Студент покраснел и опустил глаза. Он не мог уже есть. Федосья Семеновна, не привыкшая за двадцать пять лет к тяжелому характеру мужа, вся съежилась и залепетала что-то в свое оправдание. На ее истощенном птичьем лице, всегда тупом и испуганном, появилось выражение изумления и тупого страха. Ребята и старшая дочь Варвара, девушка-подросток с бледным, некрасивым лицом, положили свои ложки и замерли.

Ширяев, свирепея всё более, произнося слова одно другого ужаснее, подскочил к столу и стал вытряхивать из бумажника деньги.

— Берите! — бормотал он, дрожа всем телом. — Объели, опили, так нате вам и деньги! Ничего мне не нужно! Шейте себе новые сапоги и мундиры!

Студент побледнел и поднялся.

— Послушайте, папаша, — начал он, задыхаясь. — Я… я прошу вас прекратить, потому что…

— Молчи! — крикнул на него отец и так громко, что очки у него свалились с носа. — Молчи!

— Прежде я… я мог сносить подобные сцены, но… теперь я отвык.
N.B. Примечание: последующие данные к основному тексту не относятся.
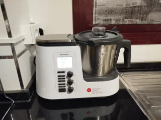 Robot de cocina poco uso ya que en casa somos mucho y es para 3/4 personas. completa con accesorios y libro de recetas y manual. es el modelo que lleva báscula
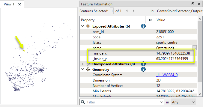As the features exit the CenterPointExtractor, they have two new attributes containing their extracted coordinates.
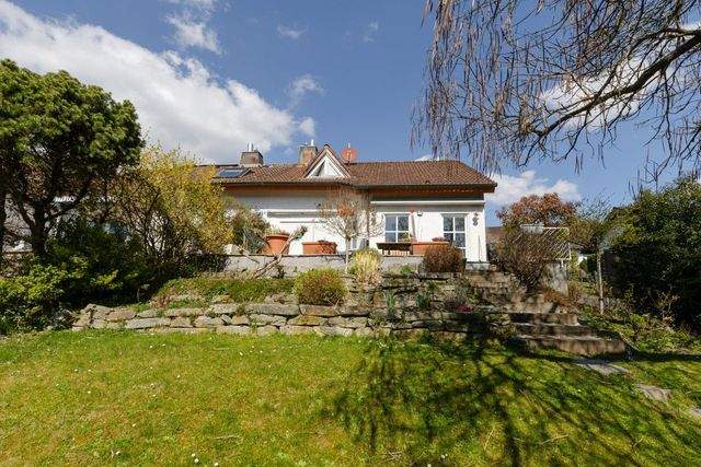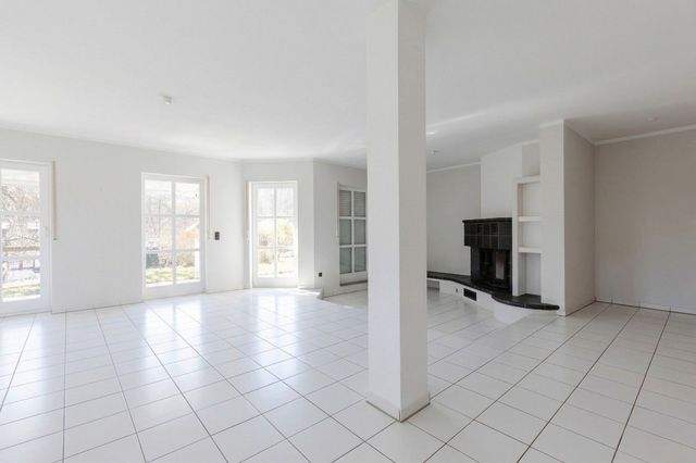 Das Herzstück des Hauses bildet der großzügige Wohnbereich mit gemütlicher Kaminecke, die besonders in den kühleren Monaten für eine behagliche Atmosphäre sorgt. Von hier aus gelangen Sie direkt in den traumhaften Garten, der mit viel Grün und Privatsphäre zum Entspannen und Verweilen einlädt.
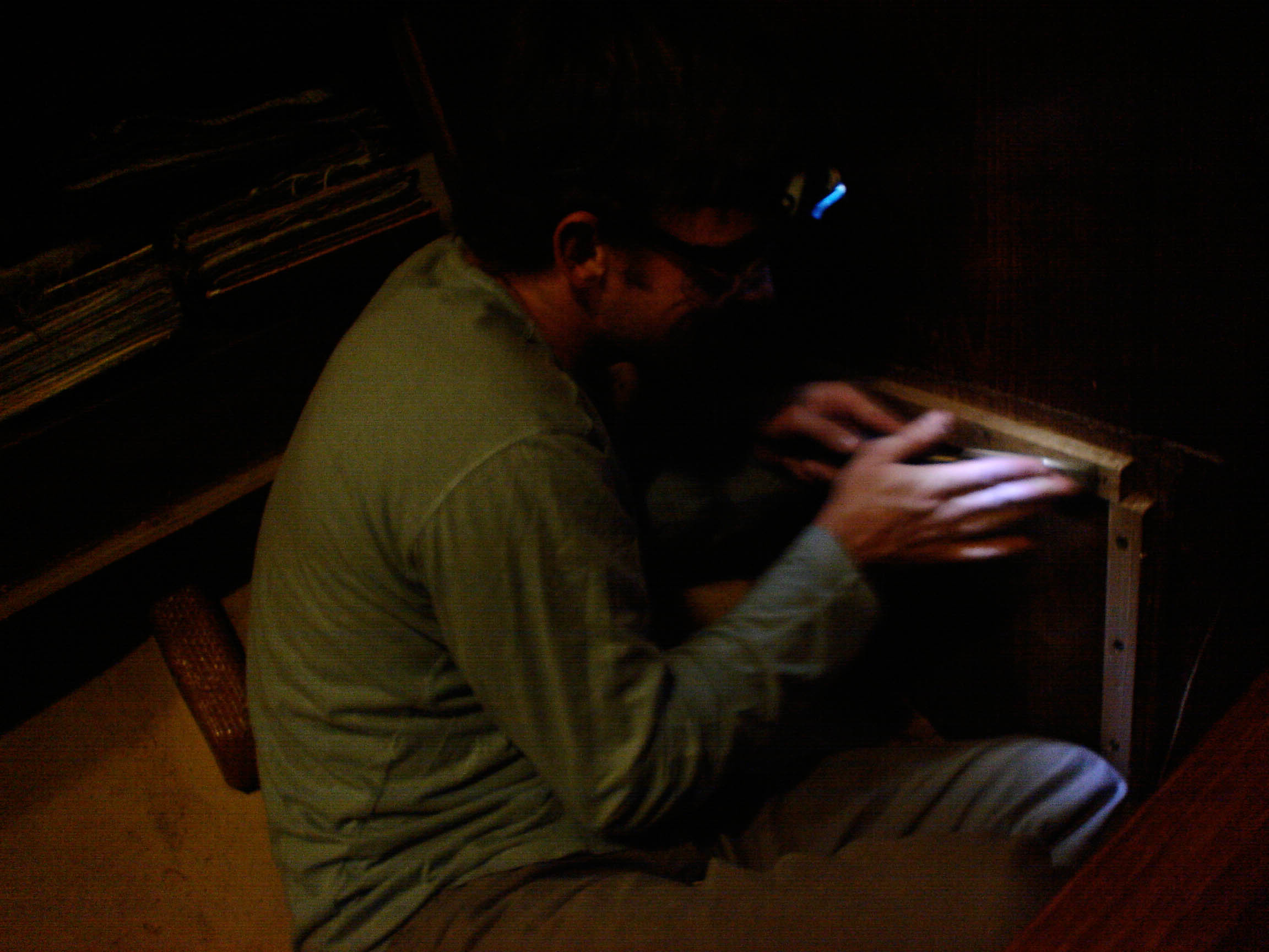 At this point I am faced with a dilemma. Continue searching, or, since it is so close, try and modify this piece. Well, since searching more would be boring, and modifying it involves using power tools, the choice is obvious.. I get the drill, screw in the piece of metal to a block of wood. Next, I get the grinder and begin grinding away at the metal. I’ve never used a grinder before, and this is kinda fun. Fifteen minutes of getting tools, tool use, and cleaning up yields what I hope is a usable piece of metal. I test it and it fits! Mini-victory! Now, I get the vice grips, chomp them down with all my might and insert my homemade screwdriver-apparatus into the head of the pin. Ten minutes later, and the pin is finally removed. At last. 80 minutes after starting, I’ve removed one pin. Victory, albeit over one pin. There are many more parts to deal with on this trip and I think they each will individually take 80 minutes of attention. And this is how we’ve worked non-stop yet accomplished seemingly nothing.
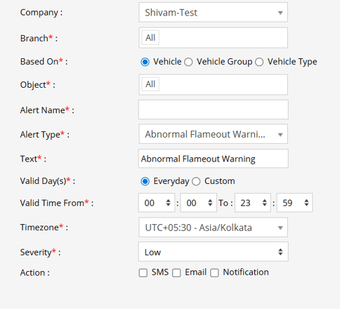 An Abnormal Flameout Warning (ADAS) alert is triggered when the ADAS system detects an unexpected engine shutdown while the vehicle is operating. Notifications are sent via SMS, Email, or In-App Notification, allowing fleet managers or operators to respond immediately, investigate the cause, and ensure vehicle safety and continuity of operations.
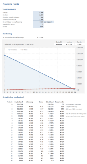 Wat is je financiële ruimte? Bereken hoeveel geld je kunt lenen als je weet wat je maandelijks overhoudt, hoe hoog de rente is en wat de looptijd is.
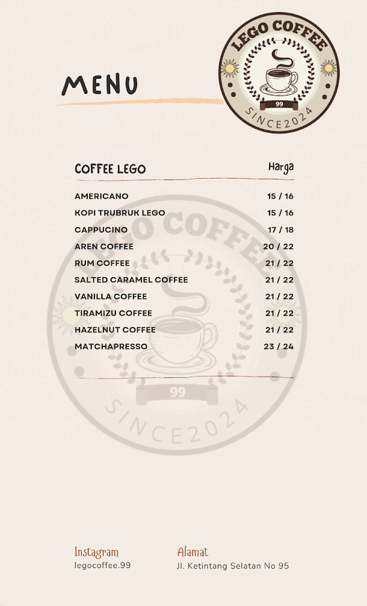 Welcome to Cafe Lego Coffee, nestled in the heart of Surabaya on Jl. Ketintang Sel. No.95. This cozy cafe is the perfect spot for those seeking a relaxed atmosphere paired with delicious offerings.
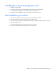 Installing the remote management card 1. Remove the access panel. 2. Carefully lay the server on its unexposed side to gain access to the system board. 3. Locate the remote management card connectors on the system board. 4. Install the remote management card in the connectors on the system board. Post-installation procedures 1. Be sure all components are installed according to the installation procedures. 2. Be sure you have not left any loose tools or parts inside the server. 3.
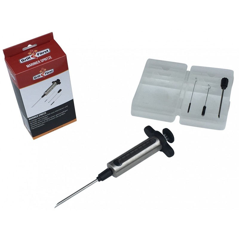 - Box contents: the storage box contains 1 marinating syringe, 1 needle attachment with 4 mm diameter, including cleaning brush and 1 needle attachment with 2 mm diameter, including cleaning brush.
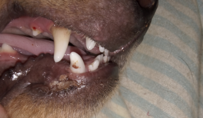 Meu nome e Carla, estou aqui para pedir uma ajuda para fazer uma cirurgia no meu cão que correndo atrás de um cavalo levou om coice na boca e teve um pedaço da mandíbula e dentes quebrados . A cirurgia ficou em 1300 reais. Eu não tenho condições de fazer.

Понимаете? Я отвык!

— Молчи! — крикнул отец и затопал ногами. — Ты должен слушать, что я говорю! Что хочу, то и говорю, а ты — молчать! В твои годы я деньги зарабатывал, а ты, подлец, знаешь, сколько мне стоишь? Я тебя выгоню! Дармоед!

— Евграф Иваныч, — пробормотала Федосья Семеновна, нервно шевеля пальцами. — Ведь он… ведь Петя…

— Молчи! — крикнул на нее Ширяев, и даже слезы выступили у него на глазах от гнева. — Это ты их избаловала! Ты! Ты всему виновата! Он нас не почитает, богу не молится, денег не зарабатывает! Вас десятеро, а я один! Из дому я вас выгоню!

Дочь Варвара долго глядела на мать, разинув рот, потом перевела тупой взгляд на окно, побледнела и, громко вскрикнув, откинулась на спинку стула. Отец махнул рукой, плюнул и выбежал на двор.

Этим обыкновенно заканчивались у Ширяевых их семейные сцены. Но тут, к несчастью, студентом Петром овладела вдруг непреодолимая злоба. Он был так же вспыльчив и тяжел, как его отец и его дед протопоп, бивший прихожан палкой по головам. Бледный, с сжатыми кулаками подошел он к матери и прокричал самой высокой теноровой нотой, какую только он мог взять:

— Мне гадки, отвратительны эти попреки! Ничего мне от вас не нужно! Ничего! Скорей с голоду умру, чем съем у вас еще хоть одну крошку! Нате вам назад ваши подлые деньги! Возьмите!

Мать прижалась к стене и замахала руками, точно перед нею стоял не сын, а привидение.

— Чем же я виновата? — заплакала она. — Чем?

Сын так же, как и отец, махнул рукой и выбежал на двор. Дом Ширяева стоял одиночкой у балки, которая бороздой проходила по степи верст на пять. Края ее поросли молодым дубом и ольхой, а на дне бежал ручей. Дом одною стороною глядел на балку, другою выходил в поле. Заборов и плетней не было. Их заменяли всякого рода стройки, тесно жавшиеся друг к другу и замыкавшие перед домом небольшое пространство, которое считалось двором и где ходили куры, утки и свиньи.

Выйдя наружу, студент пошел по грязной дороге в поле. В воздухе стояла осенняя, пронизывающая сырость. Дорога была грязна, блестели там и сям лужицы, а в желтом поле из травы глядела сама осень, унылая, гнилая, темная. По правую сторону дороги был огород, весь изрытый, мрачный, кое-где возвышались на нем подсолнечники с опущенными, уже черными головами.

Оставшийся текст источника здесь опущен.